Investigators sifted through the wreckage of a bombed-out restaurant in Pakistan's capital and scoured a government database yesterday to try to identify the remains of a suicide attacker who killed 13 people a day earlier.
Officials also vowed to launch a top-level inquiry into why intelligence that warned of a potential attack at the busy downtown marketplace where Friday's blast occurred was not acted upon.
A joint task force of federal police and intelligence agencies has been formed to investigate the blast, which targeted security forces and injured 71 people, mostly bystanders, Interior Minister Aftab Ahmed Khan Sherpao said yesterday.
The attack at the open-air restaurant frequented by police happened shortly after protesters clashed with authorities as the city's radical Red Mosque reopened for the first time since the army ousted Islamic militants in a bloody raid.
Police found a torso and head among the wreckage that they believe are the remains of a suicide bomber.
Sherpao said identifying the remains was difficult because they were mangled in the blast, which had blown the man's nose off. A search of the national identity card database had so far failed to reveal any leads, he said.
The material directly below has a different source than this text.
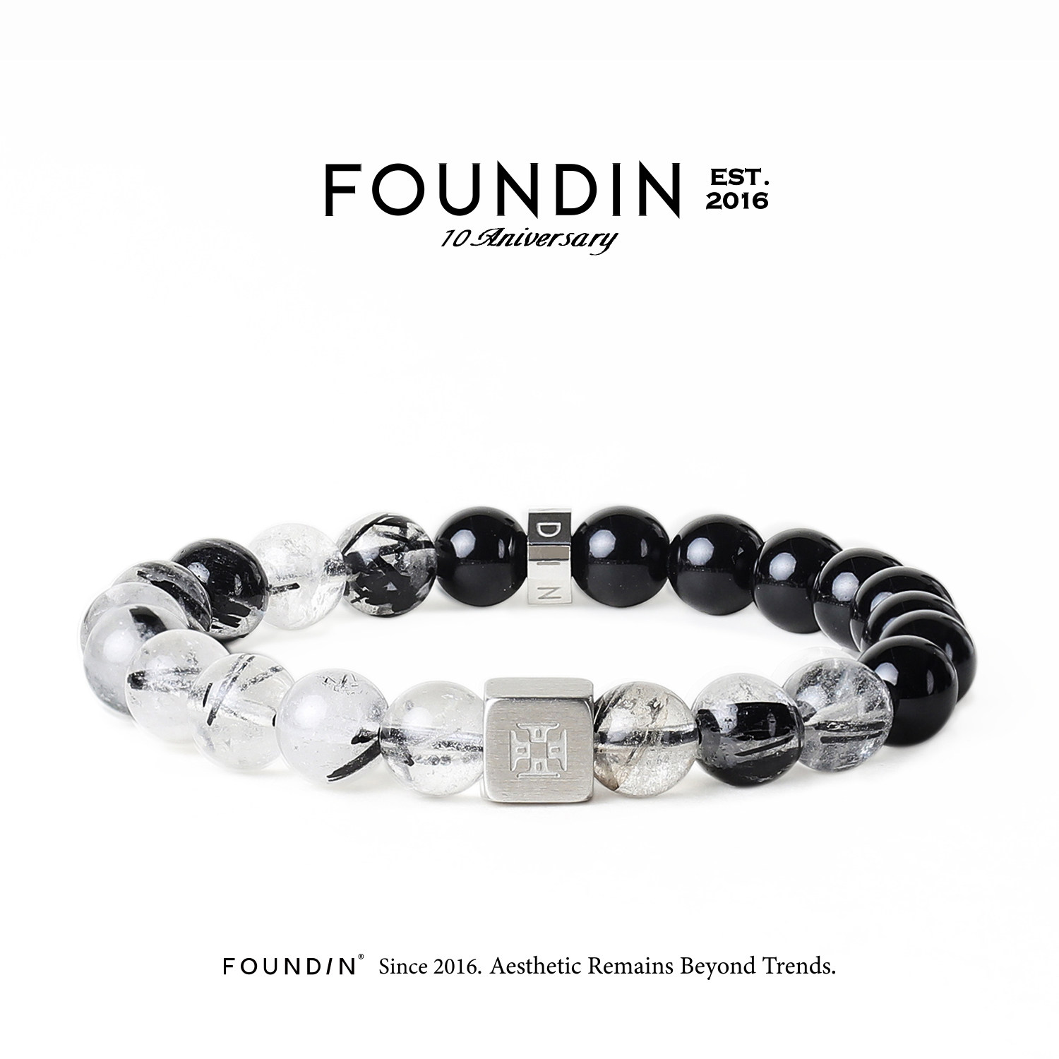 FOUNDIN凡汀 五行系列金水手串 天然黑发晶玛瑙手链刻字生日礼物

"We don't have any information with regard to the suicide bomber," he said.
The blast was the latest in a string of militant revenge attacks on government forces since the mosque raid and deepened the security crisis facing embattled Pakistani President Pervez Musharraf.
Pakistani Interior Ministry spokesman Javed Iqbal Cheema said late on Friday the government had received intelligence about a possible suicide bombing in the Aabpara market where the attack happened about 5:15pm on Friday.
He said there would be an official inquiry into the security lapse, but he also blamed the mosque unrest for creating the conditions in which an attacker could strike.
"If these people had not created such a situation it would not have happened," he said, adding that the Red Mosque had been closed.
Authorities had hoped to restore normalcy to the Pakistani capital by reopening the Lal Masjid, or Red Mosque, to the public, more than two weeks after the commando raid that dislodged militant supporters of the mosque's pro-Taliban clerics. More than 100 people died.
But religious students on Friday staged protests inside the mosque compound and occupied it for several hours.